**Data supplied:**
__________
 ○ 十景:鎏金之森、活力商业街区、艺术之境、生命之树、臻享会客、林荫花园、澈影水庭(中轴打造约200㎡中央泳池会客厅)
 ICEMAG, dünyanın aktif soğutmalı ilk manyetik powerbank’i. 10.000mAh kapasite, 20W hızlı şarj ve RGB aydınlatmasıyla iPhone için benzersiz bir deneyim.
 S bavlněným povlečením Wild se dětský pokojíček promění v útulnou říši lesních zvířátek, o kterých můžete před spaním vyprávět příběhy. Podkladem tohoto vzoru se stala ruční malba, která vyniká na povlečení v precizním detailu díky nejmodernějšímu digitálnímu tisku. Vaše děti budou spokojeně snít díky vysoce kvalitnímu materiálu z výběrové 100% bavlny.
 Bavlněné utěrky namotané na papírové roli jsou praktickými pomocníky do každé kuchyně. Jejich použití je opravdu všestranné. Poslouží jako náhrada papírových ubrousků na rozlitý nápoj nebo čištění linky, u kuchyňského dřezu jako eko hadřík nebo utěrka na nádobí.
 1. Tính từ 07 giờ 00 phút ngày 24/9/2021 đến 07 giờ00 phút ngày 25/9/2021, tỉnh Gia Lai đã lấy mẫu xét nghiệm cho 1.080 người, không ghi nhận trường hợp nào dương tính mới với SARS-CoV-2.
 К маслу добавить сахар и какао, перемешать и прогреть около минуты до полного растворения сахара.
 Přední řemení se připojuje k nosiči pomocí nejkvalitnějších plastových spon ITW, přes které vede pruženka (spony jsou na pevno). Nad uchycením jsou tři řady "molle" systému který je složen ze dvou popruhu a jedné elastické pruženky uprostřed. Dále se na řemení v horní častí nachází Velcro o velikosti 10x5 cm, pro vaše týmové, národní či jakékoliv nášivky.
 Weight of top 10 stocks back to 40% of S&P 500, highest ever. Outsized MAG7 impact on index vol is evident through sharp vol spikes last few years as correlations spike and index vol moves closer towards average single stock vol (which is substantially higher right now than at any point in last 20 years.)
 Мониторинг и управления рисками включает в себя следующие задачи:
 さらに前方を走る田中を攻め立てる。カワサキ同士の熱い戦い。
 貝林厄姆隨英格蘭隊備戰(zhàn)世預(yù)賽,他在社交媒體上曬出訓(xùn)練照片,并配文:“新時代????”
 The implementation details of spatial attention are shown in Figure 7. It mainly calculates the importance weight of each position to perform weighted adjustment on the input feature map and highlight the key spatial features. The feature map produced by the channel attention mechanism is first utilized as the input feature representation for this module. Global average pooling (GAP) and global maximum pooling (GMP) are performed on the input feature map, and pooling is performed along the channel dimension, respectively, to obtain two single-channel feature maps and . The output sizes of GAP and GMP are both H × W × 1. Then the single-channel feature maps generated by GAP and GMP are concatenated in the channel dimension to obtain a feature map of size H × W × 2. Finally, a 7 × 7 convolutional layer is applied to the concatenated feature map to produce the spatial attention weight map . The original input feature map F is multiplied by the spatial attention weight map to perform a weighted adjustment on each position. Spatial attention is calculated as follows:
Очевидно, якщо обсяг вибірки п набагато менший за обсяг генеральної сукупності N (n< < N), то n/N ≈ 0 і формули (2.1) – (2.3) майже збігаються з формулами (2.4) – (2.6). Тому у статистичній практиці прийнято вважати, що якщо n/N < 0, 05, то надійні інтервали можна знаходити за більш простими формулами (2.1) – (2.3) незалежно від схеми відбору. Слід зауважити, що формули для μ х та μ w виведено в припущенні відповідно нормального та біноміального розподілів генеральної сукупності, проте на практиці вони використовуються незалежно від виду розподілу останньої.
__________
**Brief:**
Restate the data in full so that no line differs from the original.

**Written response:**
 ○ 十景:鎏金之森、活力商业街区、艺术之境、生命之树、臻享会客、林荫花园、澈影水庭(中轴打造约200㎡中央泳池会客厅)
 ICEMAG, dünyanın aktif soğutmalı ilk manyetik powerbank’i. 10.000mAh kapasite, 20W hızlı şarj ve RGB aydınlatmasıyla iPhone için benzersiz bir deneyim.
 S bavlněným povlečením Wild se dětský pokojíček promění v útulnou říši lesních zvířátek, o kterých můžete před spaním vyprávět příběhy. Podkladem tohoto vzoru se stala ruční malba, která vyniká na povlečení v precizním detailu díky nejmodernějšímu digitálnímu tisku. Vaše děti budou spokojeně snít díky vysoce kvalitnímu materiálu z výběrové 100% bavlny.
 Bavlněné utěrky namotané na papírové roli jsou praktickými pomocníky do každé kuchyně. Jejich použití je opravdu všestranné. Poslouží jako náhrada papírových ubrousků na rozlitý nápoj nebo čištění linky, u kuchyňského dřezu jako eko hadřík nebo utěrka na nádobí.
 1. Tính từ 07 giờ 00 phút ngày 24/9/2021 đến 07 giờ00 phút ngày 25/9/2021, tỉnh Gia Lai đã lấy mẫu xét nghiệm cho 1.080 người, không ghi nhận trường hợp nào dương tính mới với SARS-CoV-2.
 К маслу добавить сахар и какао, перемешать и прогреть около минуты до полного растворения сахара.
 Přední řemení se připojuje k nosiči pomocí nejkvalitnějších plastových spon ITW, přes které vede pruženka (spony jsou na pevno). Nad uchycením jsou tři řady "molle" systému který je složen ze dvou popruhu a jedné elastické pruženky uprostřed. Dále se na řemení v horní častí nachází Velcro o velikosti 10x5 cm, pro vaše týmové, národní či jakékoliv nášivky.
 Weight of top 10 stocks back to 40% of S&P 500, highest ever. Outsized MAG7 impact on index vol is evident through sharp vol spikes last few years as correlations spike and index vol moves closer towards average single stock vol (which is substantially higher right now than at any point in last 20 years.)
 Мониторинг и управления рисками включает в себя следующие задачи:
 さらに前方を走る田中を攻め立てる。カワサキ同士の熱い戦い。
 貝林厄姆隨英格蘭隊備戰(zhàn)世預(yù)賽,他在社交媒體上曬出訓(xùn)練照片,并配文:“新時代????”
 The implementation details of spatial attention are shown in Figure 7. It mainly calculates the importance weight of each position to perform weighted adjustment on the input feature map and highlight the key spatial features. The feature map produced by the channel attention mechanism is first utilized as the input feature representation for this module. Global average pooling (GAP) and global maximum pooling (GMP) are performed on the input feature map, and pooling is performed along the channel dimension, respectively, to obtain two single-channel feature maps and . The output sizes of GAP and GMP are both H × W × 1. Then the single-channel feature maps generated by GAP and GMP are concatenated in the channel dimension to obtain a feature map of size H × W × 2. Finally, a 7 × 7 convolutional layer is applied to the concatenated feature map to produce the spatial attention weight map . The original input feature map F is multiplied by the spatial attention weight map to perform a weighted adjustment on each position. Spatial attention is calculated as follows:
Очевидно, якщо обсяг вибірки п набагато менший за обсяг генеральної сукупності N (n< < N), то n/N ≈ 0 і формули (2.1) – (2.3) майже збігаються з формулами (2.4) – (2.6). Тому у статистичній практиці прийнято вважати, що якщо n/N < 0, 05, то надійні інтервали можна знаходити за більш простими формулами (2.1) – (2.3) незалежно від схеми відбору. Слід зауважити, що формули для μ х та μ w виведено в припущенні відповідно нормального та біноміального розподілів генеральної сукупності, проте на практиці вони використовуються незалежно від виду розподілу останньої.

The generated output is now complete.